Scientists at Saint Louis University School of Medicine explored the differences in T-cell responses between male and female lung cancer patients, findings that could influence future treatments. T-cell responses are an integral part of the adaptive immune system, often referred to as the body’s “smart system,” which actively detects threats and combats them with tailored defenses.

“Therapies utilizing the patient’s immune system to combat their illness have significant potential to transform patient care. However, one of the major challenges currently faced is that these immunotherapies are effective only for a small percentage of patients,” stated Elise Alspach, Ph.D., an assistant professor of molecular microbiology and immunology at SLU and the paper’s senior author.

Alspach and her research team sought to uncover what factors contribute to effective T-cell responses among patients, why some individuals exhibit superior T-cell activity than others, and why certain patients respond favorably to immunotherapies. Their recent study, published in Cancer Immunology Research, revealed that a protein known as CXCL13, which has been connected to the success of immunotherapy, is expressed at higher levels in females compared to males. Furthermore, they found that CXCL13 is a more reliable indicator of immunotherapy response in female patients than in male patients.

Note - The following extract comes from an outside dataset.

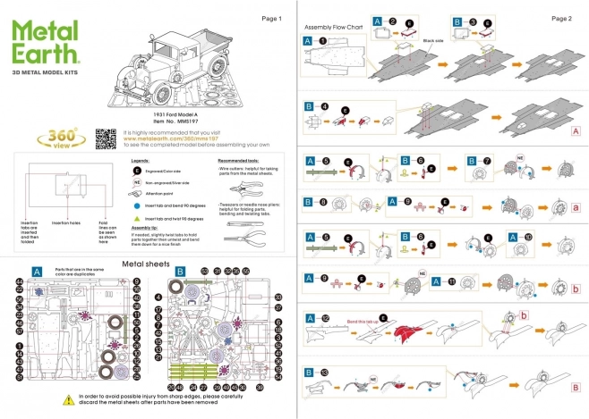 The package includes 2 large steel sheets and a detailed assembly guide. Tools are not included. Prepare small snips and pliers to successfully assemble the realistic model.

Employing single-cell RNA sequencing techniques on human datasets, Alspach and her team sought to delve deeper into the variations in immune responses between male and female patients with tumors. This innovative technology enables scientists to observe the internal workings of individual cells. Through this approach, they discovered that T-cells in female tumors are markedly activated and primed to detect and destroy tumor cells, while immune-suppressive T-cells were more common in male tumors compared to their female counterparts.

Alspach and her colleagues observed emerging evidence suggesting that males might fare better with immunotherapy, a finding that seemingly contradicts their results and other recent studies showing that females exhibit stronger immune responses against their cancers.

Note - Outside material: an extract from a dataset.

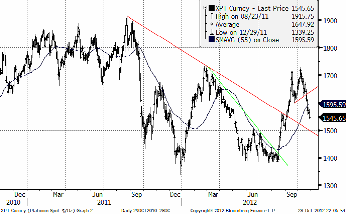 När både guld och basmetaller faller är det svårt för Platinametallerna att hålla emot. Proppen gick ur och vi såg ett kraftigt fall för både Platina och Palladium under veckan. Utbudsfaktorerna (kopplade till problemen i Sydafrika) hjälper inte när investerarkollektivet säljer. Londonnoteringen är ner ca 5 % i veckan till $1550/oz. Kortsiktigt finns risk för ytterligare fall. Med den tekniska analysen som vägledning bör marknaden hitta en bra stödnivå kring $1500. Kursen ligger nu just ovanför den konsolidering marknaden gjorde mellan 1500 och 1560 vid månadsskiftet augusti-september, innan marknaden bröt den nedåtgående trendlinjen. Det skulle inte förvåna om kursfallet bromsas upp, och kanske rent av vänder uppåt efter viss sidledes rörelse på de här nivåerna.

“At present, we do not fully grasp why males might have a superior response to immune-targeting therapies, but this intriguing contrast underscores the necessity for further investigation regarding the influence of sex on immune responses to cancer,” Alspach elaborated.

She emphasized the transformative potential of immunotherapy, as it facilitates tumor rejection in patients and can lead to prolonged remission times.

“When we are infected by a virus, the immune system produces a group of cells that can remember that virus and enhance its elimination from the body; similarly, the immune system responds to tumors,” she explained. “This memory response against tumors partly accounts for the long-term remissions seen in immunotherapy-treated patients.”

Prior to immunotherapy, Alspach noted that cancer treatments were often tough on the body, typically lacking specificity for tumors, and small molecule drugs targeting specific proteins within tumor cells frequently led to treatment resistance. Current immunotherapies are generally better tolerated, and patients can enjoy an enhanced quality of life since the immune system can be trained to target tumors specifically as opposed to affecting all tissues in the body.

Considering the differences in immune responses against tumors between sexes, Alspach and her colleagues suggested that it is reasonable to develop tailored treatments for male and female patients. She hopes that future strategies will emerge that target the pathways responsible for improved tumor control, customized to benefit individual patients.

This research was made feasible by a recent investment in single-cell RNA sequencing technology at Saint Louis University, bringing us closer to potential new cures.

Additional contributors to this study include Richard J. DiPaolo, Ph.D.; Ryan M. Teague, Ph.D.; Michelle Brennan, Ph.D.; David DeBruin; Chinye Nwokolo; Katey S. Hunt; Alexander Piening; Maureen J. Donlin; and Stephen T. Ferris from the Department of Molecular Microbiology and Immunology at Saint Louis University School of Medicine.